A customer commissioning a £25,000 extension applies different judgement than one booking a £200 repair. At higher job values, the risk of choosing the wrong trade is proportionally higher, and customers research more carefully, compare more thoroughly, and look for stronger evidence of credibility before committing.
The trades that win these jobs are not necessarily more skilled than their competitors. They are better at demonstrating their skill, reliability, and accountability through the information available to the customer before first contact.
How to Position for Higher-Value Work
Build a portfolio of relevant past work
A customer considering a significant investment wants to see evidence that you have done similar work before. A builder's website with a documented case study — photos of a loft conversion from start to finish, customer quote, dimensions, materials, timeline — tells a prospective customer everything they need to know about whether you can deliver what they want. Trades without portfolio content lose these customers to competitors who have it, regardless of actual skill level.
Get accredited for the work you want to win
Accreditations are shortcuts to credibility for high-value work.

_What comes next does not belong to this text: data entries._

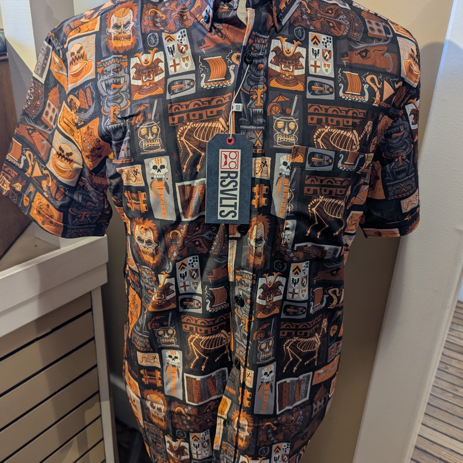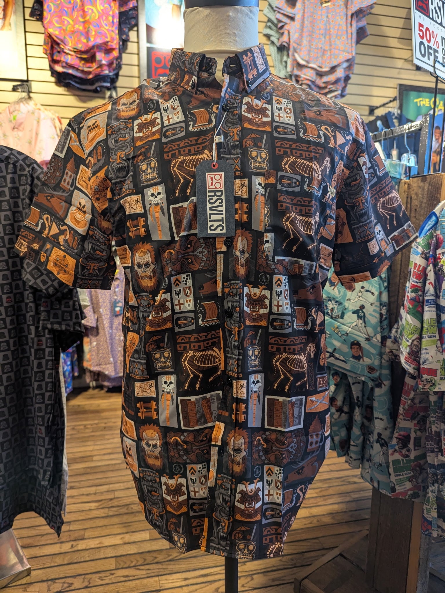 This Hawthorne's Hideout Halloween 2025 KUNUFLEX Button-Down Shirt was created in partnership with our friends at RSVLTS to celebrate the opening of Stage Nine's newest and greatest experience: Hawthorne's Hideout at Stage Nine!
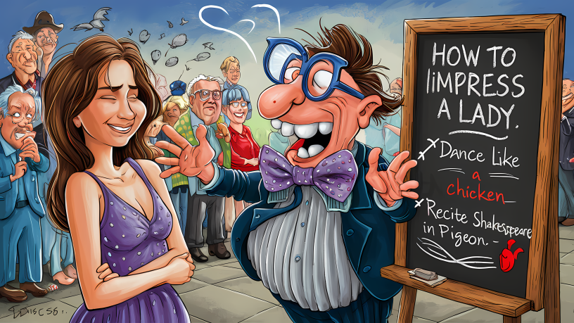 3. Смесвате нагло държание с умерена сервилност. Говорете по теми, от които нищо не разбирате все едно сте светило в областта. Отделете достатъчно време да говорите за колата си – защо предпочитате тази марка пред други, разкажете подробно за спечелените от вас светофарни състезания.
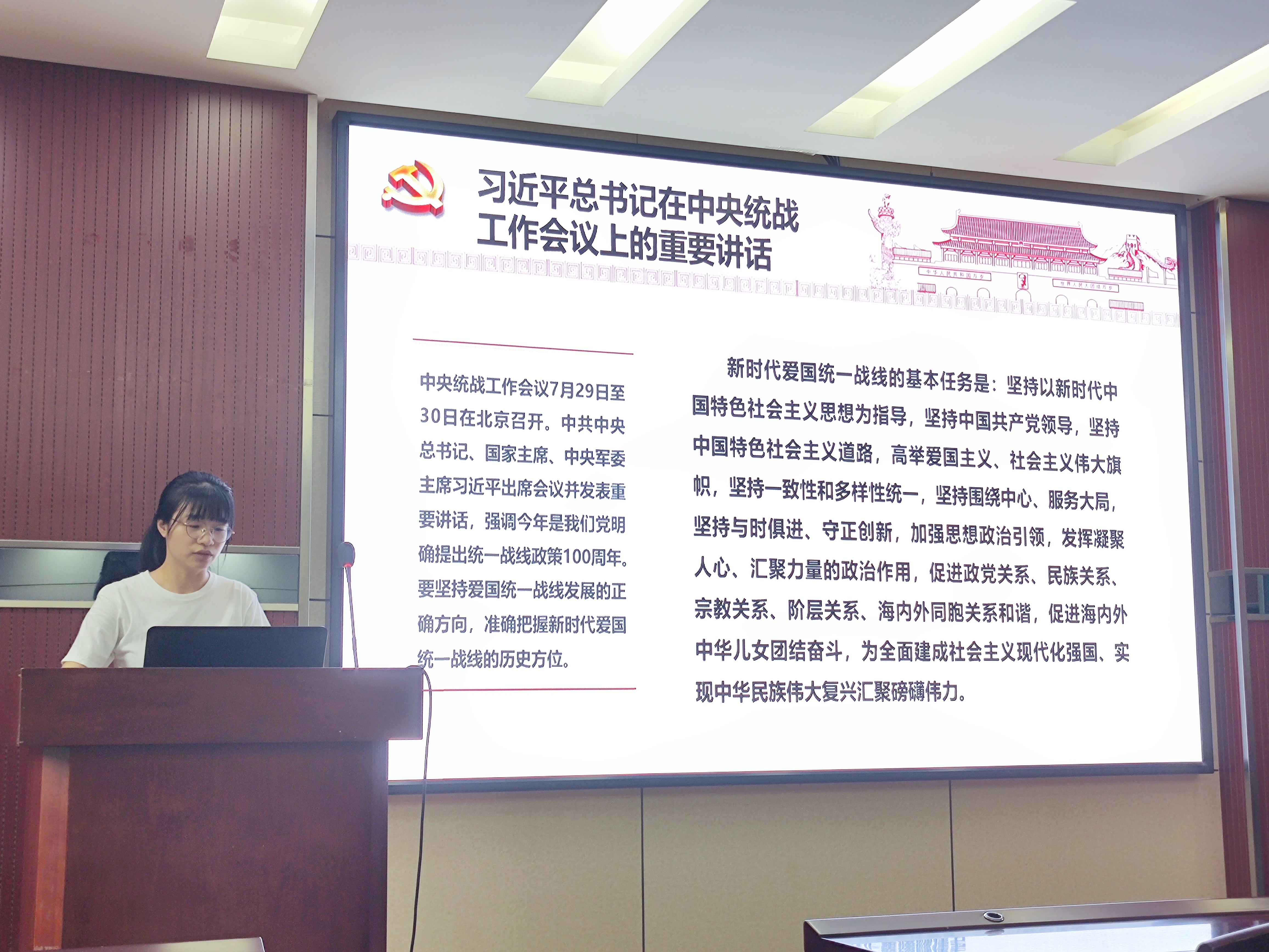 会议第三项,学习习近平总书记在中央统战工作会议上的讲话精神:促进海内外中华儿女团结奋斗为中华民族伟大复兴汇聚伟力。支部成员学习了解统一战线的历史意义和不同时期的重要作用,深入学习新时代爱国统一战线的基本任务。2022年是我党明确提出统一战线政策100周年,要坚持爱国统一战线发展的正确方向,准确把握新时代爱国统一战线的历史方位。
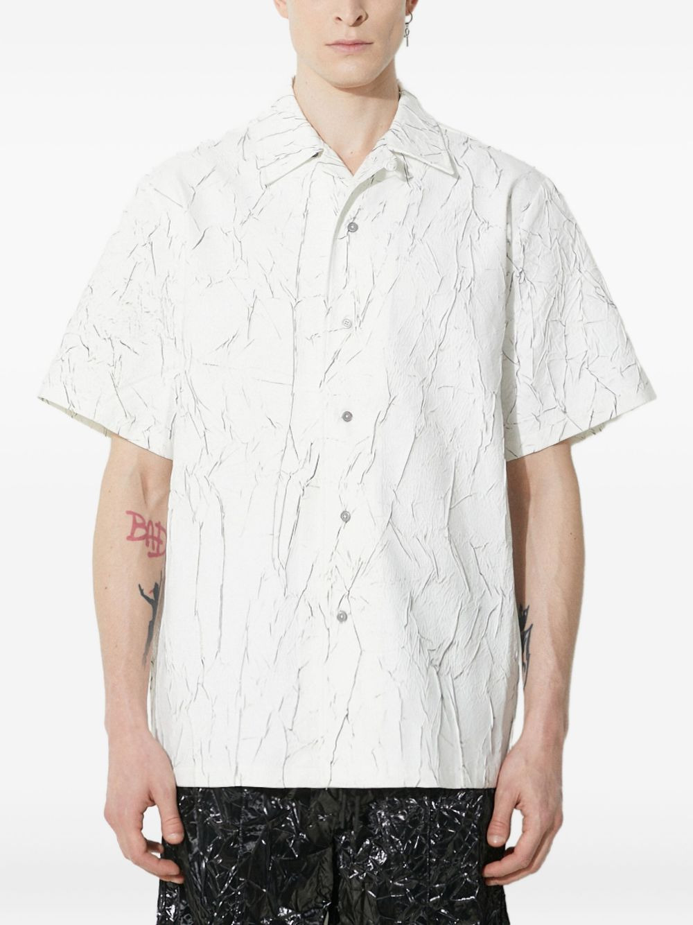 crackle-print short-sleeve shirt Highlights - White - Crackle print - Short sleeves - Button fastening - Collared neck Imported Composition Viscose 50%, Nylon 50% Washing instructions Read Manufacturer Guidelines
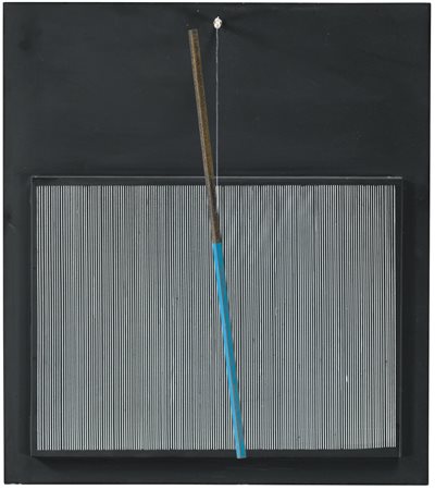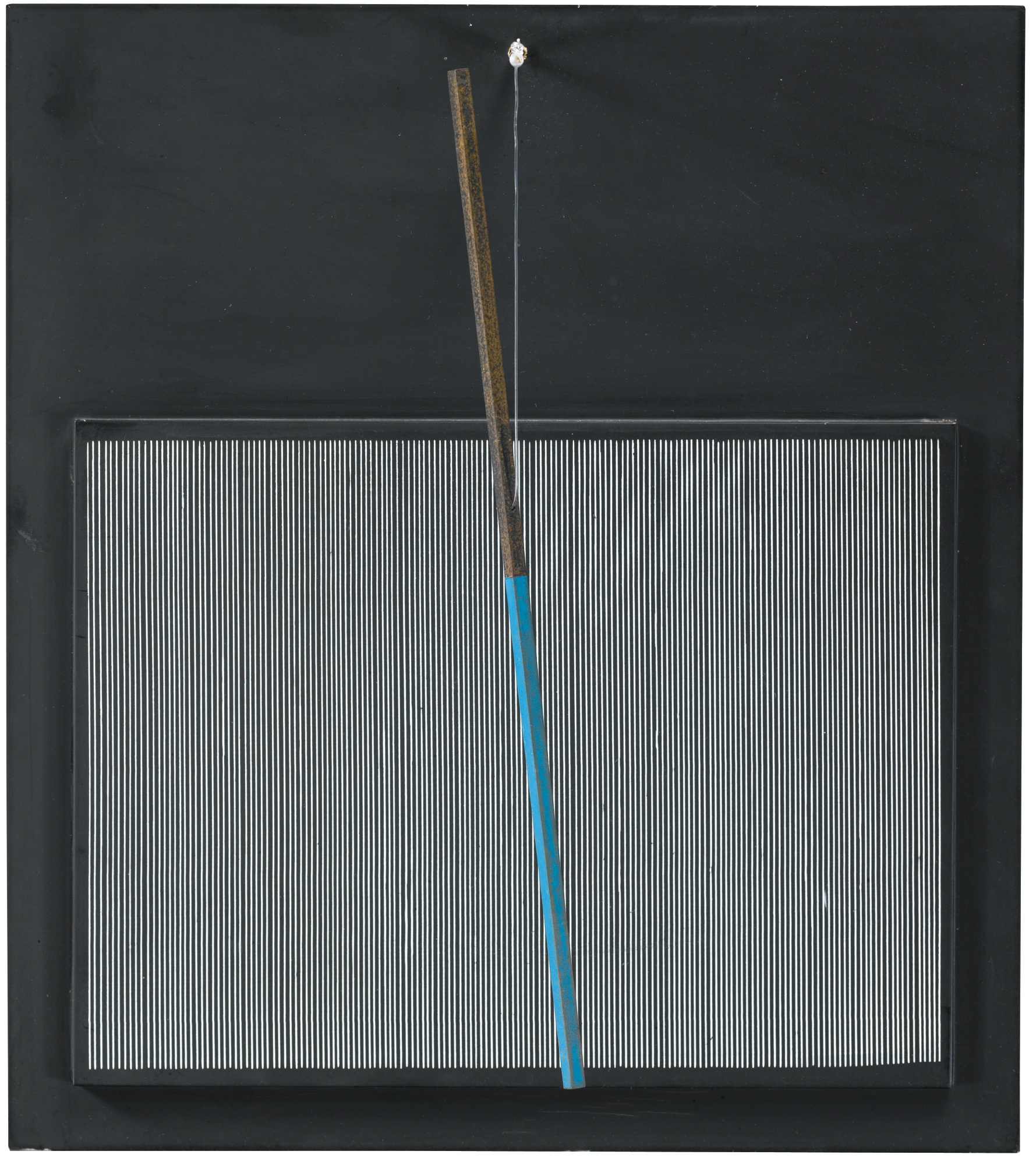 JESUS RAFAEL SOTO 1923-2005 INCLINÉ BLEU ET NOIR signed and numbered 1; PA, painted wood, aluminum and nylon strings. Executed in 1966 in edition of 100 firmato e numerato 1; prova d'artista legno dipinto, alluminio e nylon cm 38x43 Eseguito nel 1966 in 100 esemplari; Edizione Galleria del Deposito, Genova Boccadasse PROVENANCE Galleria Beniamino, Sanremo Ivi acquisito dalla famiglia dell'attuale propietario nel 1971 EXHIBITED Sanremo, Galleria Beniamino, Arte Moltiplicata, 1971
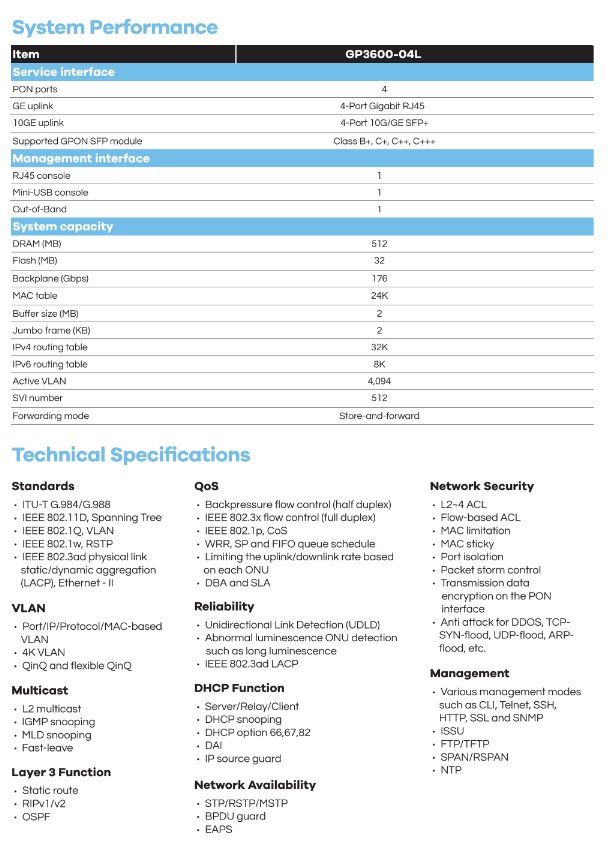BDCOM GP3600-04L-2AC is equipped with 4x Gpon ports, 4x GE RJ45 ports, 4x 10GE SFP+ ports, 1x console port and 1x out-band port. Supports asymmetric uplink 1.25 GBPS and Downlink 2.5 GBPS PON Transfer speed. In addition, it has a built-in dual-AC power.More information
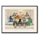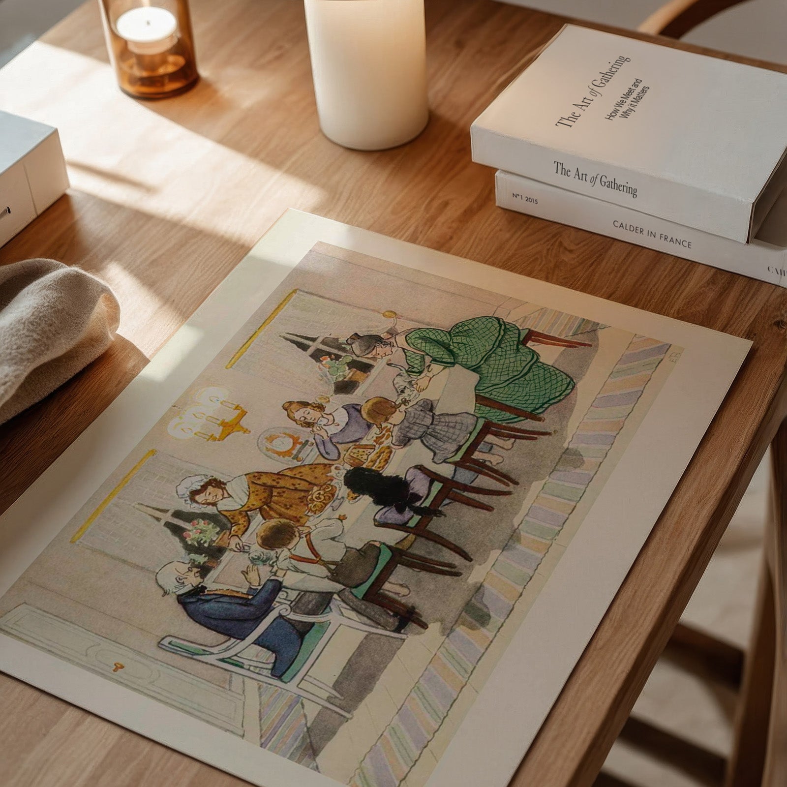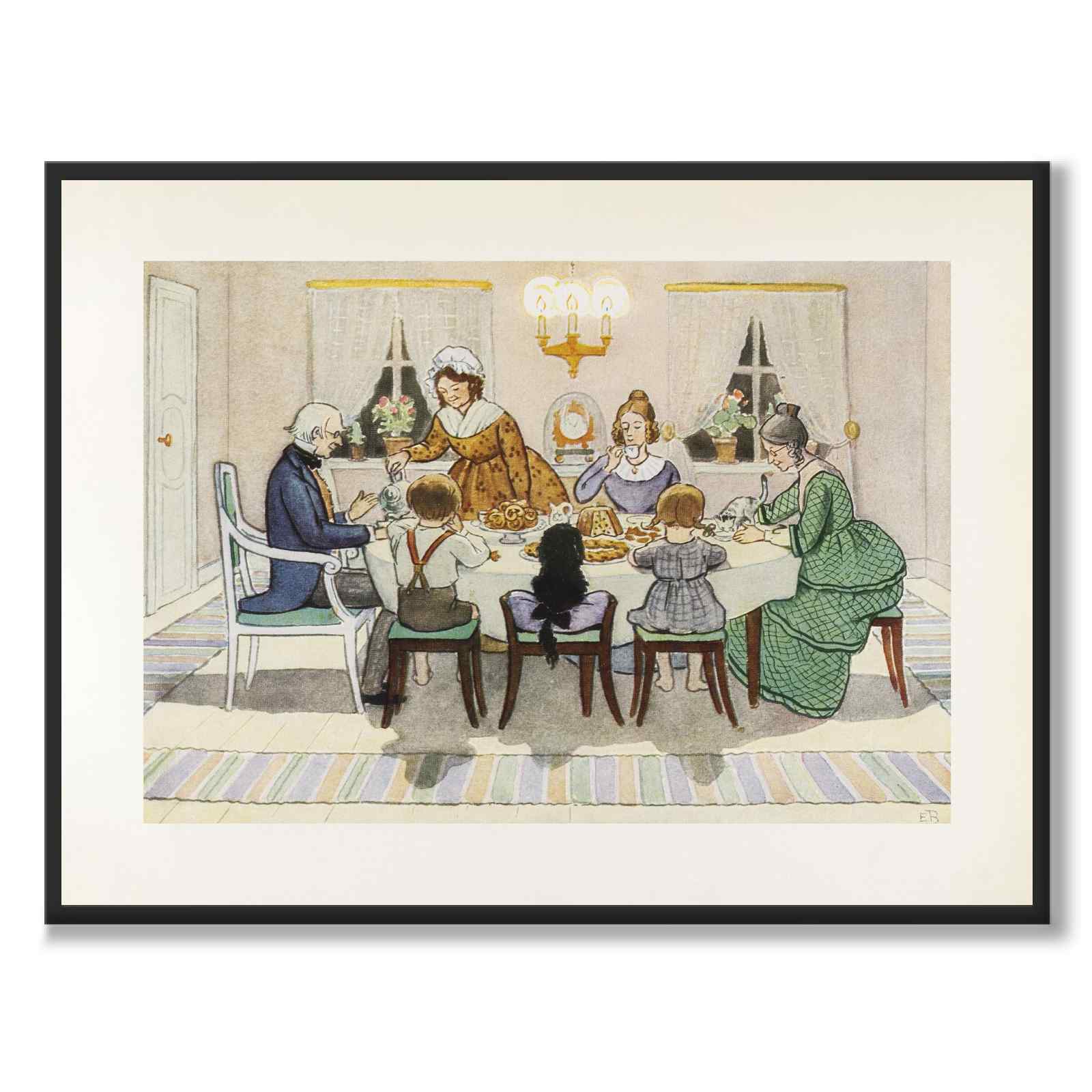 The picture shows a homely dinner where Aunt Green, Aunt Brown and Aunt Gredelin have invited Uncle Blue and the boy and girl who are recurring in the book series. Aunt Brun is at the table serving food, while the others are busy eating.
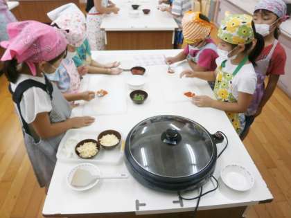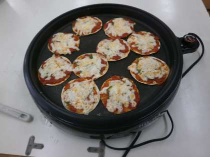 2年生が家庭科室でトマトピザ作りをしました。ぎょうざの皮に,昨日みんなで皮むきをして作ったトマトソースとピーマンとチーズをのせて焼きました。トマトソースが甘酸っぱくておいしいと喜んで食べていました。トマト苦手だったけれど好きになったという感想もありました。
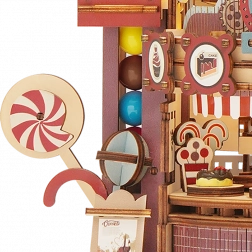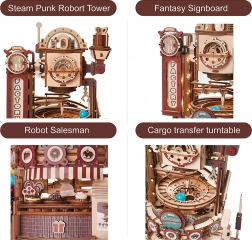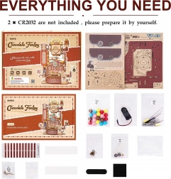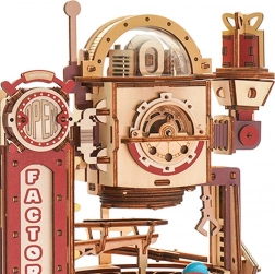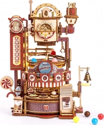 Vervul uw droom van een eigen chocoladefabriek met deze gedetailleerde knikkerbaanpuzzel van triplex. Kogeltjes in zoete kleuren reizen door een robotproductielijn langs talloze obstakels, die vergezeld gaan van de meest fantastische scènes uit de snoepfabricage. Sommige obstakels maken gebruik van helder acryl of openende deurtjes zodat u de capriolen van de kogeltjes in detail kunt bekijken. Klanten aantrekken kan met een klein belletje met zachte klank en een rijk verlichte aanduiding (batterijen zijn inbegrepen). Robotime knikkerbaanpuzzels bieden ongekende details en veelzijdigheid. Elke baan kan pronken met originele functionele details en bizarre obstakels die vaak ingenieus de baan van de kogeltjes veranderen, wat zorgt voor buitengewone pret. De mechaniek wordt aangedreven door handbediening, door middel van een slinger waarmee de kogeltjes ook worden opgetild en regelmatig op pad worden gestuurd. De puzzel wordt ongesorteerd geleverd, verpakt in een doos. Uitgerust met een gedetailleerde montagehandleiding. Belangrijkste kenmerken: knikkerbaanpuzzel 420 precies uitgesneden stukjes hoge moeilijkheidsgraad voor montage lichteffect (2×CR2032 batterijen zijn inbegrepen) metalen belletje
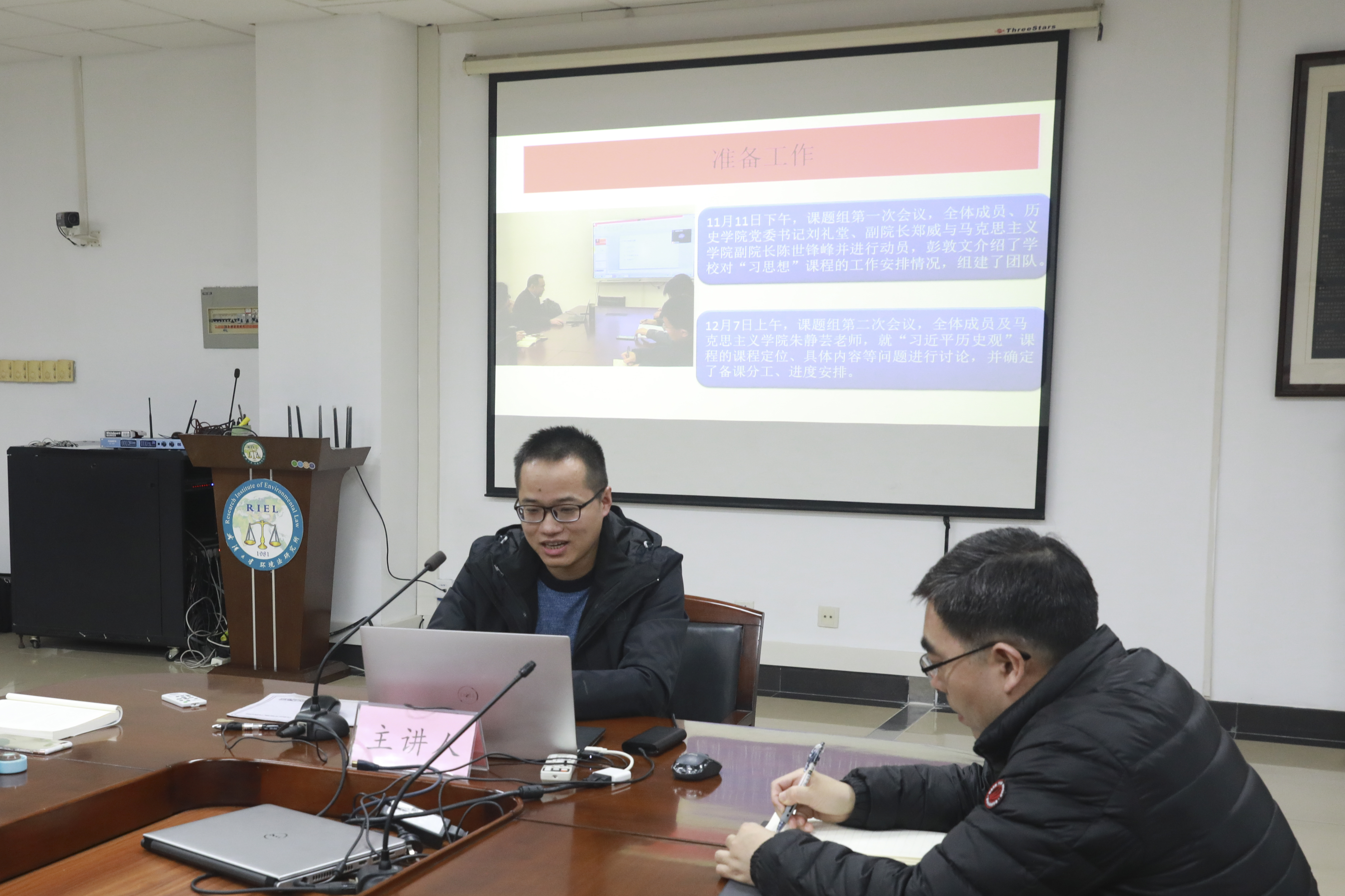 吴文浩从学习资料、课程定位、重点难点、内容安排等几个方面进行了说课汇报。教学内容方面围绕习近平历史观的必要性、习近平历史观的基本内容、习近平历史观的时代意义三个方面进行阐述,对历史虚无主义的表现及根源进行了讨论。

A Trustmark registration signals accountability to homeowners considering large projects. An FMB membership signals adherence to a code of practice for builders. CHAS certification is often required for commercial contracts. If you want to win a specific type of work consistently, identify the accreditation that customers or commissioning bodies look for and pursue it. The cost of accreditation is typically recovered within one or two jobs.
Produce professional written quotes
The quality of your quote document is a signal about the quality of your work. A quote on a standard invoice template with one line — 'Extension as discussed, £24,500' — tells the customer nothing about what they are buying. A structured quote with scope breakdown, materials specification, timeline, payment schedule, and guarantee terms signals professionalism and reduces the risk the customer perceives in hiring you. Trades that invest in professional quote templates report higher win rates on high-value jobs.
Be visible for the specific searches that indicate high-value intent
Customers planning a significant project search differently from customers with an urgent small job. They use terms like 'cost of loft conversion Sheffield', 'house extension builders Harrogate', 'best electrician for commercial rewire Leeds'. These informational and comparison searches happen weeks before the customer contacts anyone. Being visible for these terms — through blog content, location pages, and service pages that address them specifically — means you are on the customer's radar before they start getting quotes.
Collect case-study reviews, not just star ratings
A Google review that says 'Great work, would recommend' adds to your star rating but does little for high-value conversion. A review that says 'Dave managed our full kitchen extension — 14 weeks from start to finish, stayed within the agreed budget, kept us updated throughout, and the finish is exactly what we wanted' tells a prospective customer everything relevant about hiring you for a similar job. Ask satisfied customers on significant projects to describe the job specifically when you send your review request.
The presentation gap
The most common reason a skilled trade loses a high-value job to a less skilled competitor is presentation. The competitor's website shows relevant portfolio work. Their quote is professional and detailed. Their reviews describe similar jobs. Their accreditations are visible.
This is a fixable problem. None of the elements that communicate credibility for high-value work require exceptional skill to produce. They require systematic collection of evidence — photos, case studies, written reviews — and consistent presentation of that evidence.